But what about when those records contain more than an account name, numbers dialed, or billing address? In many cases, the main reason why the proponent wants to introduce the records is because they also contain user-generated statements found in texts, chats, and messages. The opponent will argue that those statements are inadmissible double hearsay that falls outside the scope of the business records exception. See State v. Sisk, 123 N.C. App. 361 (1996) (“Statements made by a person other than the person(s) compiling the business record which are recorded within the record are double hearsay, or compound hearsay, and may only be admitted if an exception to the hearsay rule is found for that statement”). Since the actual content of the communications is not being verified by the company or relied upon for a legitimate business purpose, the user-generated statements within the records don’t have the same guarantee of trustworthiness that the exception requires. Therefore, although the records themselves may be admissible as business records, the proponent should also come prepared with a second hearsay exception that covers the user’s statements or messages found within those records (admission of a party opponent, statement of co-conspirator, adopted admission, excited utterance, etc.), and be ready to explain why it’s reasonable to conclude that the purported declarant is the author of that statement. That’s another hurdle to admissibility, yes, but in most cases it will be a fairly easy one to clear, so proceeding under this approach seems possible. See, e.g., United States v. Recio, 884 F.3d 230 (4th Cir. 2018) (Facebook records authenticated by “a certification by a Facebook records custodian, showing that the Facebook record containing the post was made ‘at or near the time the information was transmitted by the Facebook user’” and the prosecution “sufficiently tied that ‘Facebook user’ to Recio” through distinctive characteristics such as account name, email address, and photos).
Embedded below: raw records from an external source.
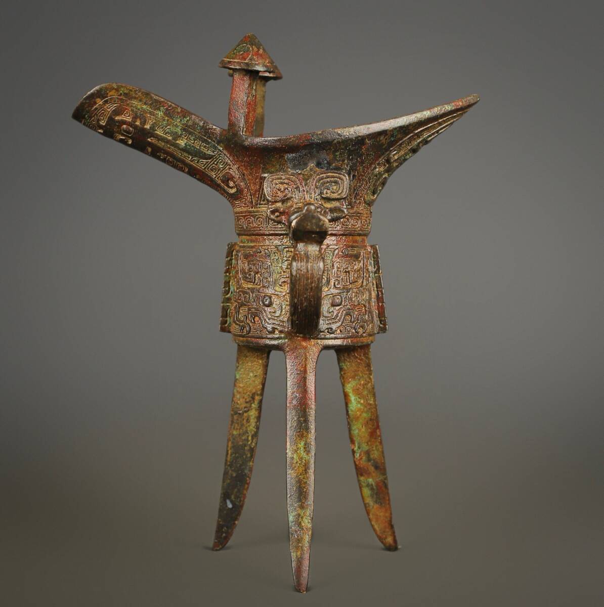 - 蔵友旧蔵出 西周 青銅作 精工 三足 獣面龍爵杯 希少珍品 貴重品 置物 古賞物 中国古玩 中国古美術品 館蔵品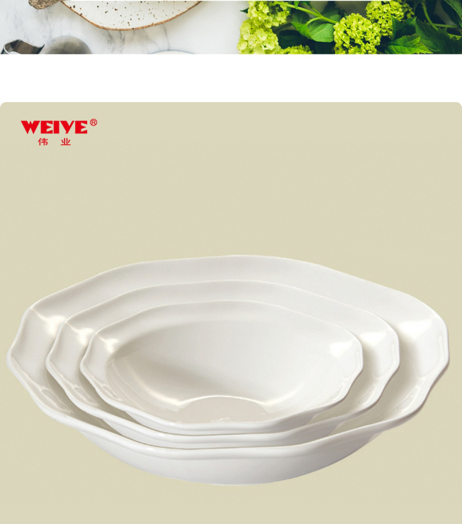 This range of tableware is manufactured from a high-alumina formula, a high quality food-grade, non-toxic, Lead & Cadmium-free material . Low water absorption and Easy-cleaning. The product were fired at 1350 degrees Celsius,which offers reliable strength and durability.The hardness up to 8400Mpa. Scratch resistant and smooth bottom will protect the tables. The whiteness of porcelain is above 82 degrees, which is one of the international top high whiteness porcelain.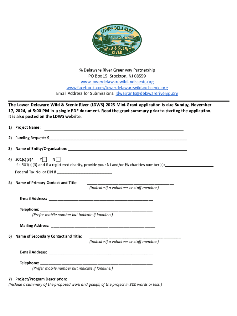Get the free 2025 LDWS Mini Grant Application.docx - Google Docs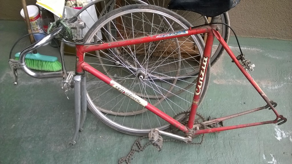 Hola a todos en el foro, mi nombre es Martin, soy de argentina y hace poco que e comenzado con el tema del ciclismo. tengo una mtb Merida y con ella voy a todos lados, al trabajo, a ver a mi hijo y de paseo también. Al poco tiempo me di cuenta que esto de la bici era adictivo ja. y no solo eso también me llamo la atención otras bicicletas, las antiguas. Buscando un poco di con una bici de ruta o pista, no se bien la diferencia entre ambas, pero en fin es que no encuentro datos ni nada de la misma en internet. Tiene calcomanias que dicen ser de marca cinzia ciclismo competición. Entre a este foro y bueno si alguno de ustedes podria contarme algo sobre la marca cinzia y si se an hecho bicis de carrera o algun otro dato que puedan aportar les agradecería mucho. dejo una foto... Saludos...!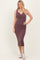 Burgundy Stripe Ribbed Sleeveless V Neck Maxi Dress

Opposing View: Not Business Records

The double hearsay issue above is one of the reasons why some courts have concluded that the business records framework just doesn’t “work” for records that contain user-generated statements and content. Unlike billing, usage, or even location records, statements from the user are not created or verified by the entity keeping the records, nor are they kept for a business purpose, so the exception doesn’t apply. See, e.g., United States v. Browne, 834 F.3d 403 (3rd Cir. 2016); State v. Griffith, 449 P.3d 353 (Ariz. App. 2019); People v. Glover, 363 P.3d 736 (Colo. App. 2015).

Furthermore, even if we overlook the portion of the records that contain double hearsay statements from the user, some courts have decided that we should not be treating the underlying records as “hearsay” anyway, since these records are not merely stored on a computer — they are actually generated by a computer, and hence they are not statements from a declarant at all. See, e.g., Godoy v. Commonwealth, 742 S.E.2d 407 (Va. App. 2013). In Godoy, phone records from T-Mobile were admitted at trial as business records, and the appellate court decided that was the wrong approach:

Under the modern Shopbook Rule [business records exception], adopted in Virginia, verified regular entries may be admitted into evidence without requiring proof from the regular observers or record keepers, generally limiting admission of such evidence to facts or events within the personal knowledge of the recorder. […] There is no “person” or declarant, however, where the evidence is based on computer generated information and not simply the repetition of prior recorded human input or observation. […] Likewise, in the present case, there was no out-of-court asserter upon whom the veracity of the telephone records relied. Witt testified that T–Mobile’s telephone records were automatically self-generating and that they were created contemporaneously with the placement or receipt of a telephone call. […] Accordingly, the admissibility of the telephone records was not governed by hearsay principles, and so we need not consider whether the Commonwealth established all of the elements for the business records exception to apply.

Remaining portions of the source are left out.